Tom considered further the development of a relationship founded on such shallow footings. How many times had he seen a man fall “head over heels” for a woman, only to see him, after that relationship had ended (and the fellow had been all but broken in half), fall equally in love with another woman nothing like the last. Such a thing could not then be love, Tom maintained, but some baser attraction. Love, instead, elevates desire between a man and a woman to its proper place, in a way that sets the human apart from the horse or the cow. Love elevates that desire into a consciousness of the need for moral and practical compatibility, which does not allow one to fool oneself into believing that selfish obsession with another can be love. This special love between a man and a woman must then require something of reason, which sets the human apart from the beast, to elevate this desire. The human creature must let reason rule desire and let love rule reason for them to be properly directed. Such is required by the dignity appropriate to the rational creature.
Therefore, Tom would never have considered that it was love that kept Julie in his mind. He had seen some men—and not just the young fellows fresh away from home and under the influence of drink—make that mistake often enough. But Tom knew that any fellow who would believe that he was in love in such a case, or even in a case more involved though equally shallow, was missing something. Otherwise, how could a man feel similar romantic feelings for different women, very unlike each other and of very different minds from the man himself?

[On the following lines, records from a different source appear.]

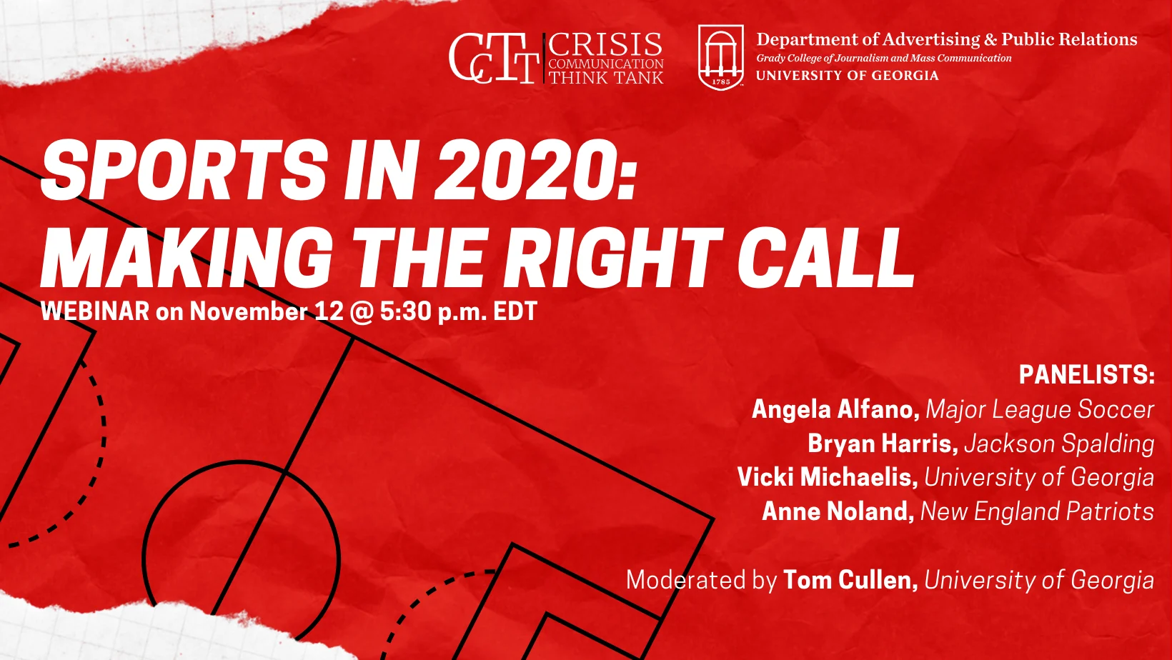 The UGA Crisis Communication Think Tank is hosting the webinar, “Sports in 2020: Making the Right Call,” on Thursday, Nov. 12 at 5:30 p.m. Register for this free event to hear from Angela Alfano (ABJ ’10) from Major League Soccer, Bryan Harris (MA ’03) from Jackson Spalding, Vicki Michaelis, Carmical Chair in Sports Media and Society, and Anne Noland (ABJ ’15), from the New England Patriots, about how sporting events and teams are functioning this year. The webinar will be moderated by public relations instructor Tom Cullen.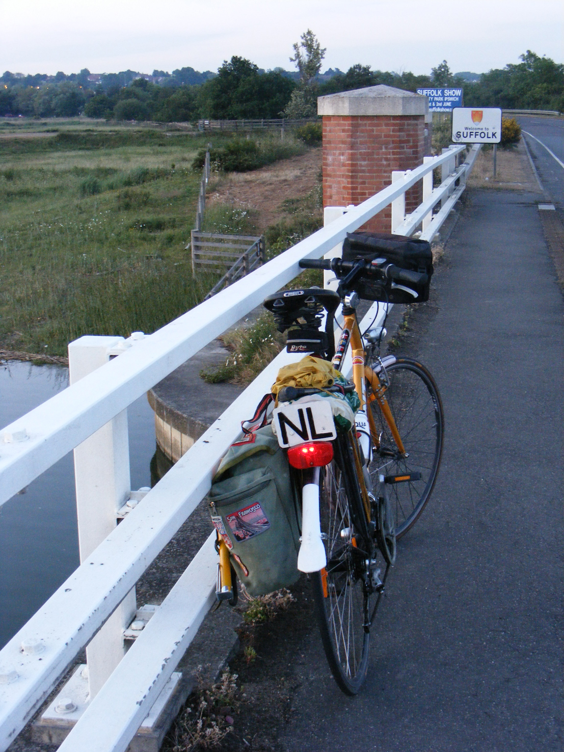 Het feit dat zowel mijn fiets als de twee borden links stonden zou men al meteen aan Engeland denken. Na aankomst van de boot om 20.00 uur in Harwich trein genomen naar Manningtree en dan was het nog maar 6 km fietsen naar de jeugdherberg van Brantham (nu helaas opgeheven). Helemaal fietsen was geen optie, want de deur van de jeugdherberg ging om 22.00 uur dicht. De foto is in mei 2011 genomen.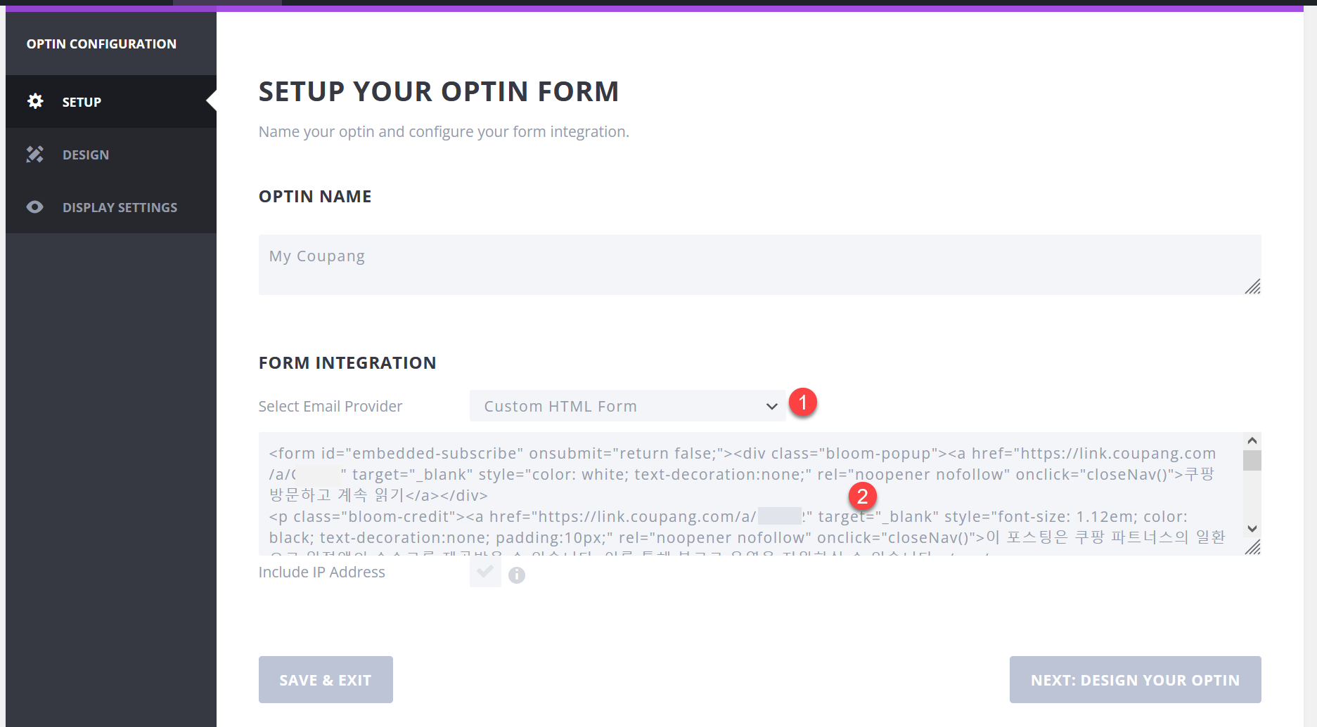 배너를 클릭해야 글을 읽도록 구현하려는 경우 Optin Configruation » Setup에서 다음 그림과 같이 Form Integration에 Custom HTML Form을 선택합니다.

No, such could not be love but merely infatuation. Tom knew love, and he would not have elevated infatuation to that height. It was because he knew love that he was also wary of over-romanticizing love between a man and woman. Love was plainer than glamorized infatuation, and yet, more profoundly beautiful in its plainness. It had its share of hardship, hard work, and pain. Love had a nakedness about it, compared to which the nakedness of infatuation was but a woefully shallow imitation. The nakedness of love could not be satisfied by the merely sensual. The nakedness of love demanded far more because it was far more: because it was the complete exposure, the complete sharing, the complete gift of the self, not just of the body. (And, in truth, given that the body is an essential component of human nature, one could never truly share the body without, at least to some degree, sharing the self, licitly, to one’s benefit, or illicitly, to one’s detriment.) The nakedness of love demanded commitment, with all that that word denoted and connoted, and a commitment not just to the other, but to the Other, Who is the Source of all love, Who is Love itself.
This awareness, on Tom’s part, always brought him around to his belief that there must be far more than just the sensual attraction between a man and a woman before it is appropriate to move further into the sensual realm of the relationship. There must be something profound that puts the sensual in its proper place and elevates it. There must be a singular affinity between the minds and souls of the man and woman, an affinity that draws them toward the commitment of love. There it was again, commitment, an act of the will, an act of the will that is the gift of the self. That is love: an act of the will that is the gift of the self! The commitment of love, in this singular case, must be Matrimony, the only commitment that, as a sacrament, provides the grace for a man and woman to share the nakedness of the Garden of Eden while yet in a fallen world. The grace of the sacrament assures that, rather than become a selfish taking, the sensual intimacy can be a selfless giving: to spouse, to God, to the children thus begotten. Hence, the Sacrament of Matrimony is the only commitment worthy of the ultimate sensual intimacy, an intimacy through which a man and woman become one body and, as such, enjoy the profound privilege and responsibility of participating in and sharing in God’s creation of another human being. It is in this commitment of the Sacrament of Matrimony that a man and woman are most capable, by design, of accepting their responsibility to raise to adulthood the human beings created through their union.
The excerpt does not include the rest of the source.